A part of the problem is also that the insurance industry is particularly appealing to cybercriminals. Not only does the industry have vast amounts of user data, but missteps can also open the door to insurance fraud so insurance agencies are careful not to take risks when it comes to their data. 

What you can do to protect your company and your data/Best practices for data protection compliance

1. Appoint a data protection officer- There needs to be at least one (if not multiple) people at your company who are specifically tasked with monitoring data and data privacy issues. 

2. Conduct a risk assessment- What kinds of customer data do you have that might be valuable or somehow cause either cause reputational or financial harm if it was exposed? How is that data stored, who has access to it and how difficult would it be for someone to illegally access that information if they wanted to?  

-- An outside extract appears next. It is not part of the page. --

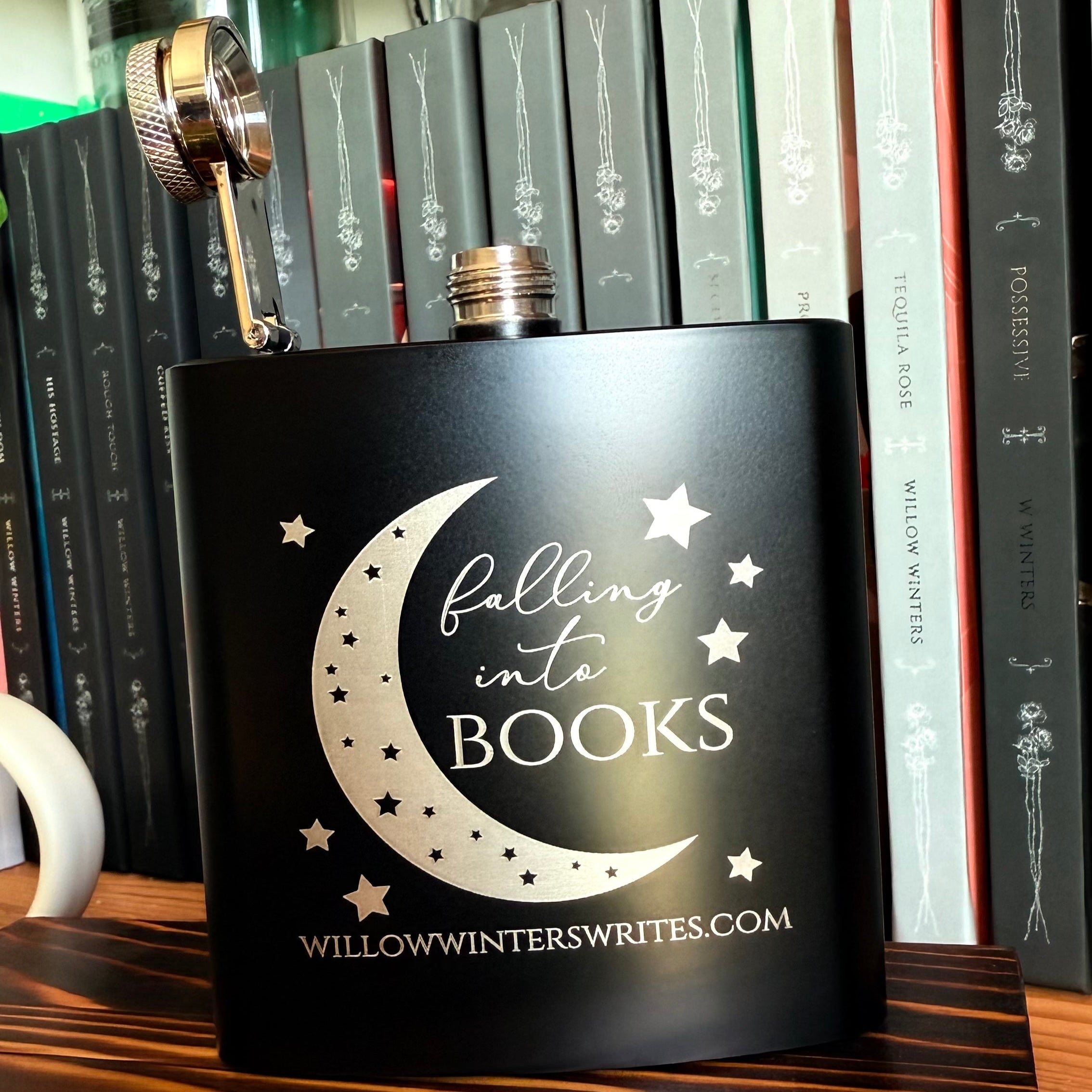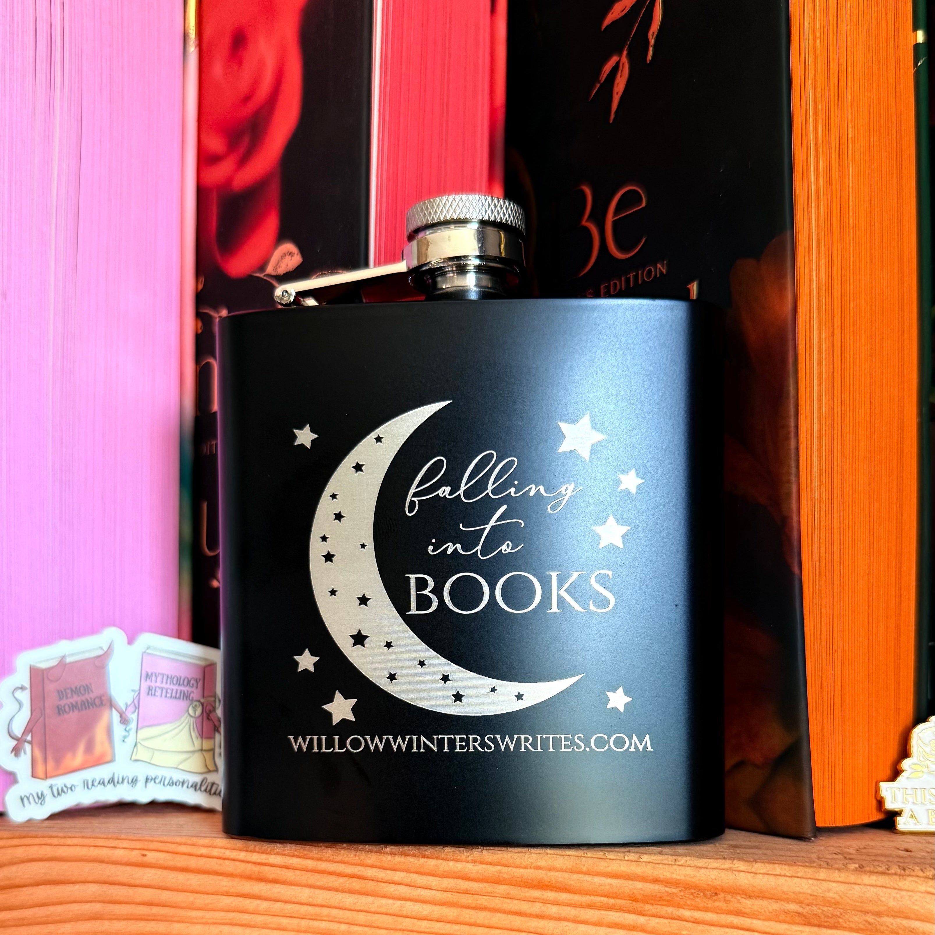 This sleek black flask features a silver moon-and-stars design with the words “Falling Into Books.” Perfect for sneaking a little extra warmth into your reading nights or packing for book club gatherings, it’s a discreet and stylish must-have for every romance reader who likes their stories—and their drinks—a little stronger.

3. Ensure secure access to data- Network security from your office’s wifi connection is already commonplace, but portable devices are often a blindspot. Given that insurance companies have a considerably mobile workforce (inspectors going on-site, sales representatives visiting conferences), these devices can all be a potential risk. Now with a huge portion of the workforce working from home, this problem is only exacerbated. This adds up to a lot of phones and laptops potentially left vulnerable to both malicious attacks as well as accidents if something was to be lost or misplaced. All it takes is the addition of special privacy software installed directly on the device; this way, phones and computers can be safe, even if they use not secured internet connections or a third party gets access to the device.

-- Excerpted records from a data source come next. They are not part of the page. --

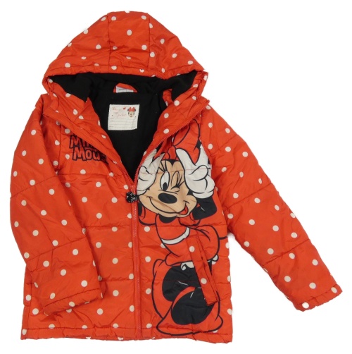 Červená šusťáková prošívaná zimní bunda s Minnií a kapucí Disney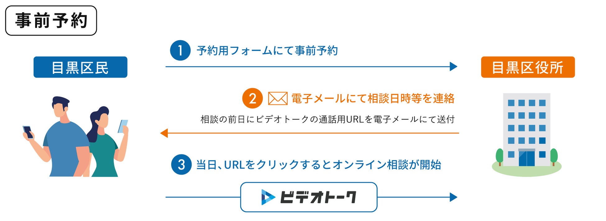 ビデオトークの具体的な利用方法は以下のとおりです。区民側でアプリのインストールやアカウント作成を行う必要がなく、相談時間に電子メールに添付されたURLを1クリックするだけで簡単にビデオ通話を始められます。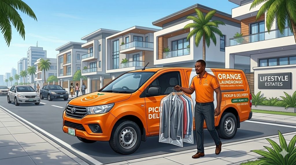 Orange Laundromat primarily serves Sangotedo, Ajah, and Lekki, making it particularly convenient for residents along the Lekki–Epe corridor.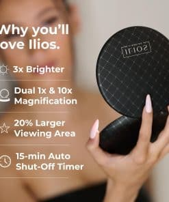 Este práctico espejo compacto LED iluminará tu vida para retoques de maquillaje o cuidado de la piel sin esfuerzo mientras estás en movimiento. Es el espejo magnificante de viaje perfecto con 1x y 10x de aumento. El diseño delgado y elegante es ideal para colocar en tu bolsillo, bolso o cartera. A diferencia de la mayoría de los espejos de aumento pequeños, el tamaño de 5 pulgadas es lo suficientemente grande para ver todo tu rostro. El diseño simple e intuitivo permite atenuar la luz sin problemas. Solo eres humano; dejar la luz encendida es un problema común con los espejos compactos iluminados. Un temporizador de apagado automático de 15 minutos incorporado evita que esto suceda. La batería recargable dura hasta 30 días, así que déjala en tu bolso para retoques diarios sobre la marcha.

4. Educate privileged employees- Employees with privileged access to your IT infrastructure are the most common targets of cyber attackers. Ensure that any employee with any security clearance undergoes educational training about the most up to date security practices. Multiple factor authentication and a password manager can also substantially cut down risk.  

5. Reduce third-party risks- Third parties are held to the same data privacy standards as the primary company handling the data. Therefore, you will be required to audit and assess what information is shared with third parties and how they use it. You can either require third parties to use the same data security tools your company uses, or in the very least, oversee their data privacy policies.  

6. Encrypt data- Data encryption is standard for most companies and is either required or strongly recommended by most data protection legislation. This is one of the easiest ways to ensure your data is safe, or at least better protected, if anything falls into the wrong hands. Device control policies can also help block the connection of mobile devices or regulate which devices are allowed to connect to a computer. 

7. Prepare for a fast response- Things that can go wrong often find a way of doing so. A complete and ready incident response plan will help your company get ahead of any potential leak or hack and make sure you can hit the ground running with a response plan. This plan should include what actions employees at all levels should take, who should be informed, and the timeframes for every action. This is particularly important because under GDPR, there is a 72-hour notification deadline that starts after your company becomes aware of any cybersecurity incident.